Re 3: You did not explain how “variation independent” is a misnomer. As far as I can see the term is unambiguous and I do not see how the term could be mistaken for something else. So how is VI a misnomer? I could see the term as sounding too technical, and another equivalent term like “range independence” might be clearer to most readers. Still, VI is precise and has an established usage over generations of math stat.
In contrast, “closure” already has established uses for other, unrelated concepts such as the combination of a region and its boundary, and a specific statement formed by binding all free variables in an expression. Thus, as with “consistency”, “closure” risks confusion should the different concepts with the same label arise in the same discussion. Also notable is how your comment ends by invoking yet another meaning of “closure”. So if you use “closure” in teaching I would advise cautioning that it has multiple technical as well as ordinary English meanings.
It seems like there is a general agreement that no modelling strategy dominates others in all cases. So while there may be reasonably strong prior (or expert) information that suggests the logistic model is a good default (ie. the opinion of @f2harrell ), it might not reflect all uncertainty that a skeptical audience might have (@AndersHuitfeldt).
Wouldn’t a principled way to decide this issue be based on model averaging or model selection techniques whether Bayesian or Frequentist? How would someone specify the data analysis plan for this methodology?
The following discusses the issue from a frequentist perspective, and includes other techniques (penalization). It cites some of the older Bayesian Model Averaging papers mentioned in the link to the Data Methods thread above.
Sylvain Arlot, Alain Celisse (2010). “A survey of cross-validation procedures for model selection,” Statistics Surveys, Statist. Surv. 4, 40-79
Here is another informative paper from a frequentist perspective.
Hansen, B. E., & Racine, J. S. (2012). Jackknife model averaging. Journal of Econometrics, 167(1), 38-46.
I resonate with all most all that you wrote Sander but don’t agree with this statement. This is much more of an advantage for ORs. But I’ll just hark back to my default strategy for 2023: (1) fit a model that has a hope of being simple, e.g., a logistic model with no interactions but allowing all potentially important variables to act nonlinearly, and (2) relax the additivity assumption in order to estimate covariate-specific ORs and to estimate the entire distribution of absolute risk reductions. Apply an optimum cross-validating penalty to all the interaction terms (e.g., optimize AIC using the effective degrees of freedom) or use a formal Bayesian model with shinkage priors for interactions. Getting much more experience doing this will shed more light on the adequacy of the logit link as a basis for this, i.e., how seldom do we find strong interactions on the logit scale.
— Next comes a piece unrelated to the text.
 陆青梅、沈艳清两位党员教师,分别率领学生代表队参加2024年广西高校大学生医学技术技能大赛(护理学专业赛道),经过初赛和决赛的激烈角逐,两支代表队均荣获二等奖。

I don’t see model selection or averaging as helping very much here. The data analysis plan might be an expansion of what I just wrote above.
I’d like to request that all future responses to this topic declare whether the new response is a theoretical consideration or a practical data analysis consideration. You’ll see that almost all of my replies are in the latter category.
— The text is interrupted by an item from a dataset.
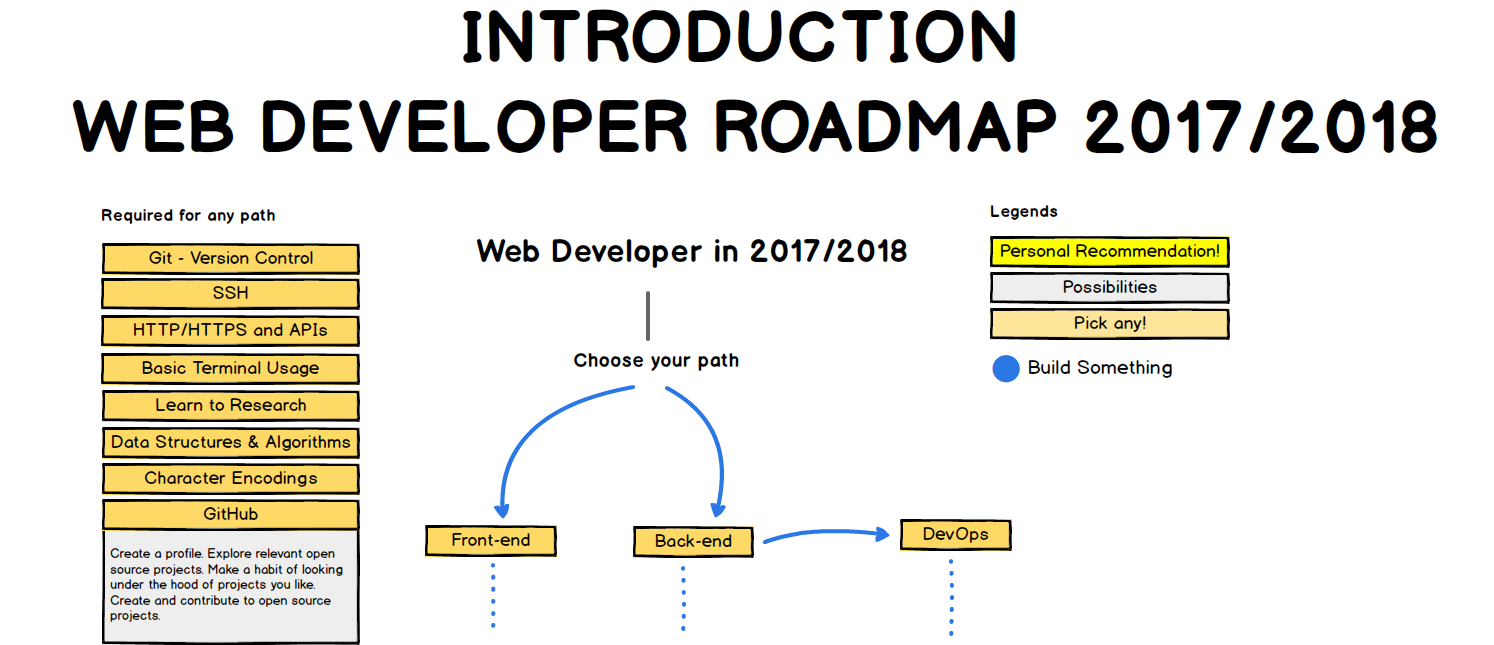 These charts were created by originally by GitHub user Kamranahmedse. They visualize three roadmaps to becoming a web developer.

Frank, you wrote that variation independence of the odds ratio from baseline risk “is much more of an advantage for ORs.” I am shocked that you would make such a sweeping generalization, especially when no such generalization can be correct. Whether the numeric properties being discussed are advantageous or not depends crucially on contextual properties like loss functions and what other information is available.
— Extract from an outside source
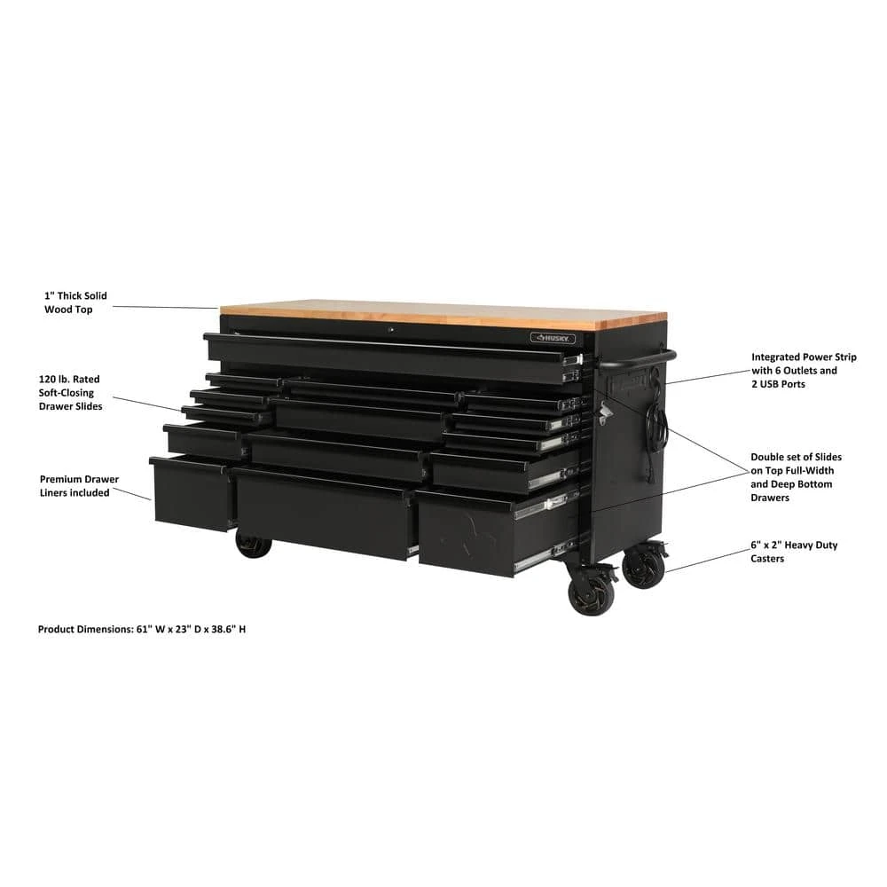 The all new Husky Heavy Duty 61 in. 15-Drawer Mobile Workbench with solid wood top will be a great addition to any garage or workspace. Built to withstand the demands of any workplace setting, this unit is solidly constructed with all-welded 19-Gauge steel. There are also aluminum corner guards fastened in place for further protection against dings and dents. The solid wood top is over 1 in. thick and provides 1,403 sq. in. of workspace. If the need should ever arise, this wood top is sealed on all sides and can also be flipped over. Underneath the work surface are 15-drawers of varying sizes that create 24,187 cu in. of storage space. Each drawer comes equipped with a pre-cut liner, embossed with the Husky logo, to protect and organize all your tools and supplies. All drawers glide effortlessly on 120 lbs. rated ball-bearing slides and feature soft-closing mechanisms to prevent slamming. The full-width drawer and 9 in. D bottom drawers all have a double set of slides to accommodate heavier items. On the right-hand side of the workbench is an integrated power strip with 6 outlets and 2 USB ports that will allow you to charge tools, batteries and other electronic devices. Next to the power strip are cord storage hooks and a bottle opener. Finally, this workbench can be easily moved around the workspace with the large ergonomic handle and heavy-duty 6 in. x 2 in. casters.

If the baseline risks are available and in hand, none of the measures has a compelling advantage if what we we want to be working with is the full risk function. If for some reason (often none other than someone forgot to extract or present baseline risks from research reports) I only get to have one of either the variation-independent OR or the very variation-dependent RD, I know I’d often want that to be the RD rather than the OR. For example, an OR of 9 for a very unpleasant side effect comes about regardless of whether the treatment pushes the risk from 1 per million to 9 per million or from 10% to 50%, whereas the RD would be 0.0008% in the first case and 40% in the second case. Depending on the treatment benefit, in the first case I may well accept treatment and the increased chance of the side effect but in the second case I may well reject treatment due to the increase. This kind of issue arises all the time in real clinical and public-health practice.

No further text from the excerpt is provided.